Exercise directions ▸
An exact copy of every record below is required, with the pictures left out.

Items from a dataset
§ §
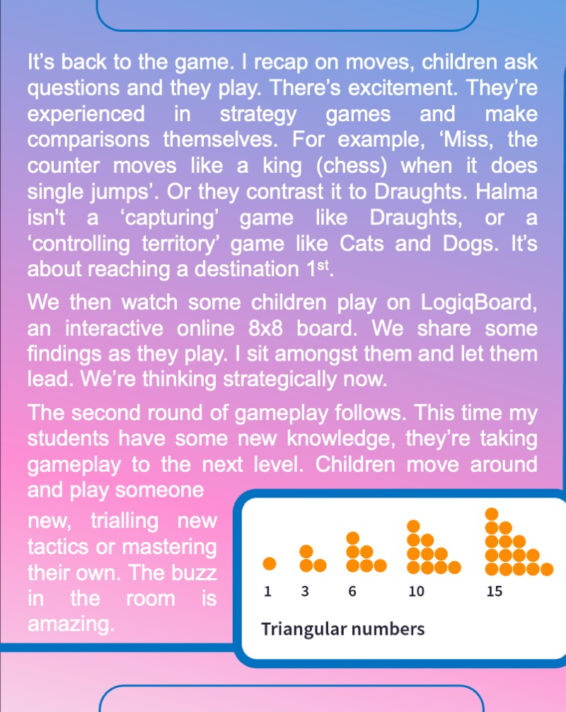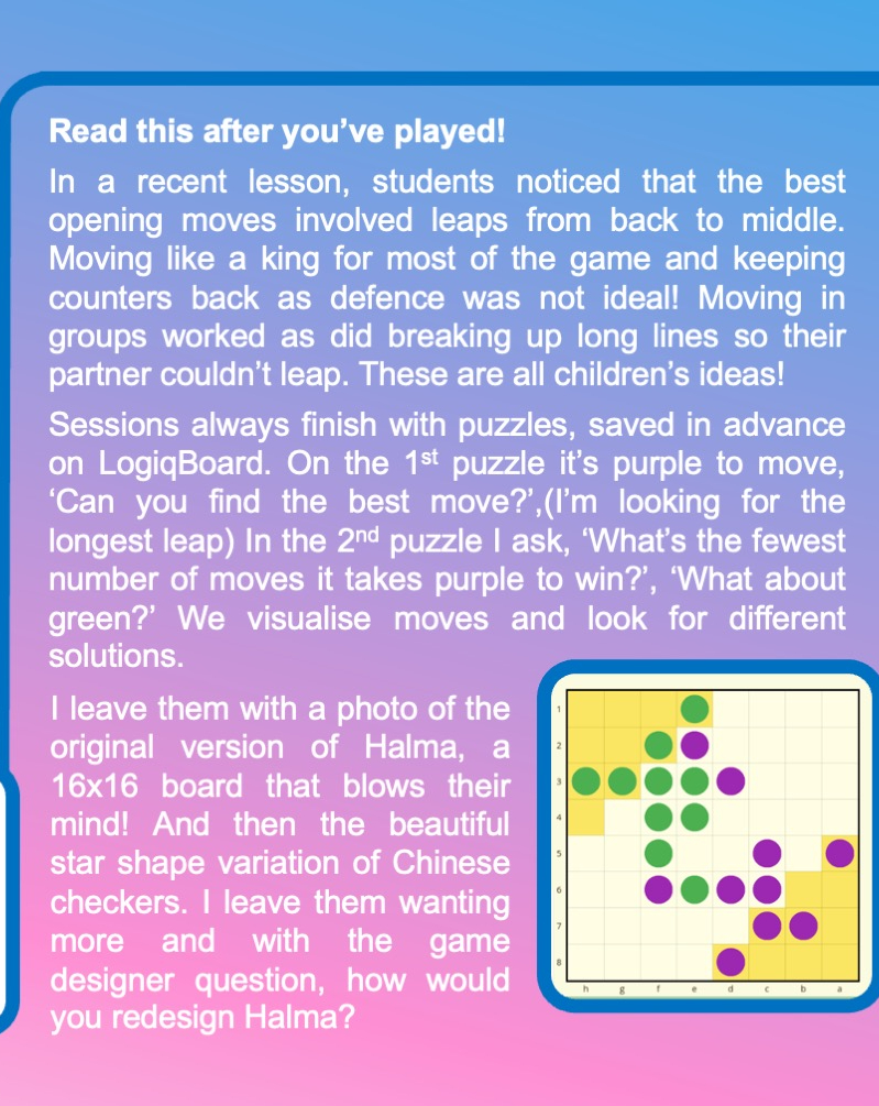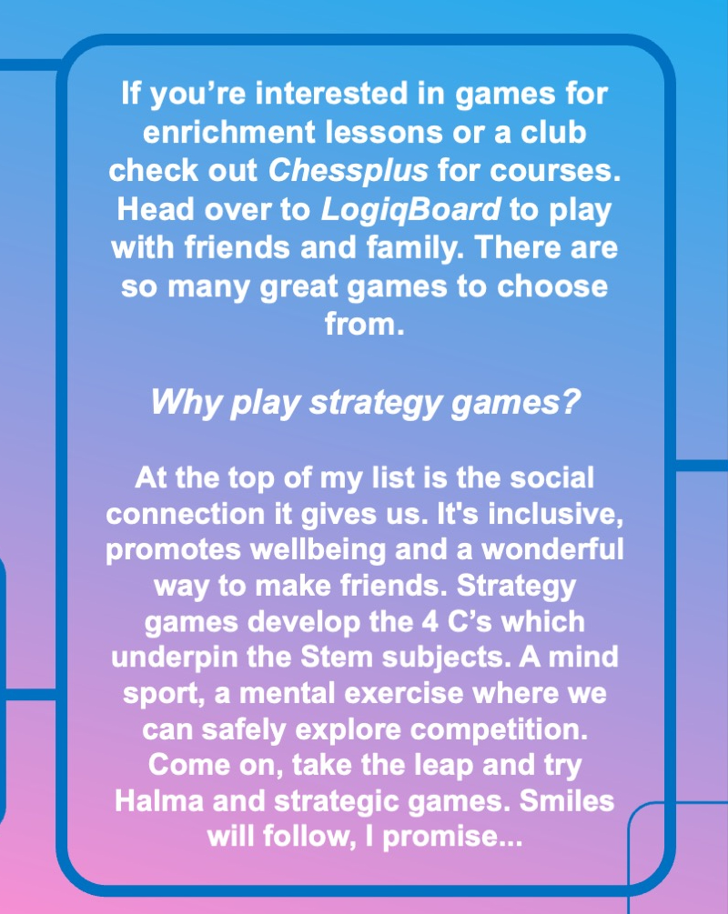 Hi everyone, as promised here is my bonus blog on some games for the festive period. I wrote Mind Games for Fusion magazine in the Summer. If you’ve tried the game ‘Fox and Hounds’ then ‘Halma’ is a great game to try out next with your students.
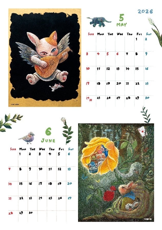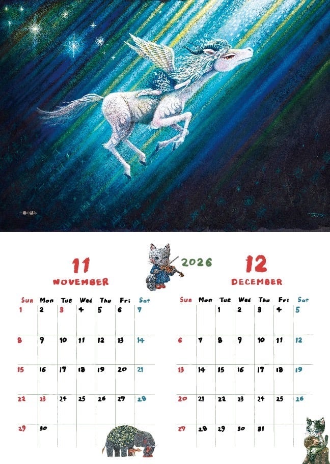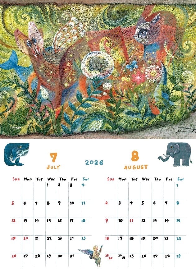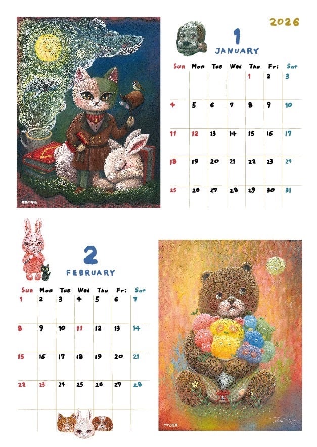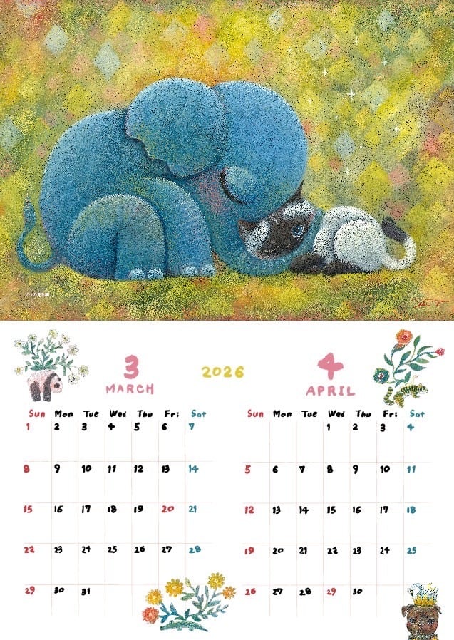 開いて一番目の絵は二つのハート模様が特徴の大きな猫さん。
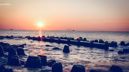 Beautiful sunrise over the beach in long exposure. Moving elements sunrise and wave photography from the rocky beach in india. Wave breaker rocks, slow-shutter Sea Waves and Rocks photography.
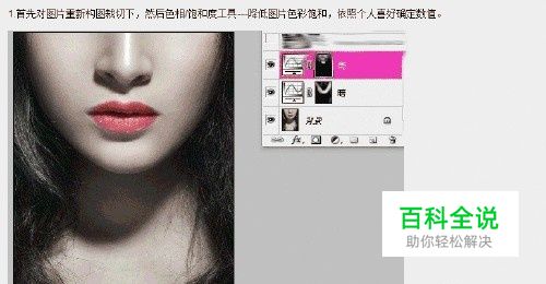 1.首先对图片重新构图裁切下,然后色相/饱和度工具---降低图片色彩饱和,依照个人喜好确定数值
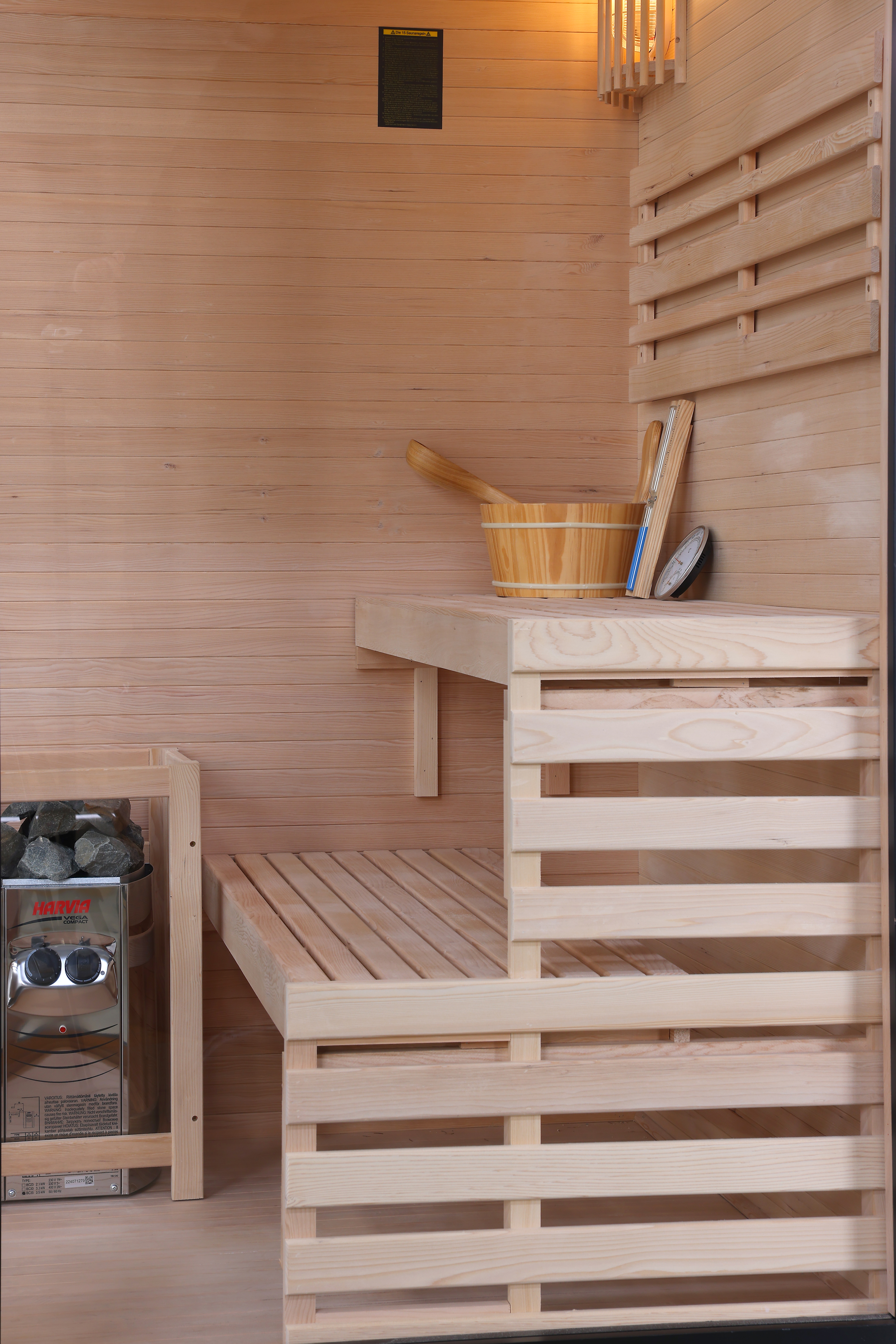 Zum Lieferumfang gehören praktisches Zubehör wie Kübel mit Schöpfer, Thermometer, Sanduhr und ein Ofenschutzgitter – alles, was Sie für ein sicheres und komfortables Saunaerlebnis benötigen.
§ §
Response for this exercise ▸
 Hi everyone, as promised here is my bonus blog on some games for the festive period. I wrote Mind Games for Fusion magazine in the Summer. If you’ve tried the game ‘Fox and Hounds’ then ‘Halma’ is a great game to try out next with your students.
 開いて一番目の絵は二つのハート模様が特徴の大きな猫さん。
 Beautiful sunrise over the beach in long exposure. Moving elements sunrise and wave photography from the rocky beach in india. Wave breaker rocks, slow-shutter Sea Waves and Rocks photography.
 1.首先对图片重新构图裁切下,然后色相/饱和度工具---降低图片色彩饱和,依照个人喜好确定数值
 Zum Lieferumfang gehören praktisches Zubehör wie Kübel mit Schöpfer, Thermometer, Sanduhr und ein Ofenschutzgitter – alles, was Sie für ein sicheres und komfortables Saunaerlebnis benötigen.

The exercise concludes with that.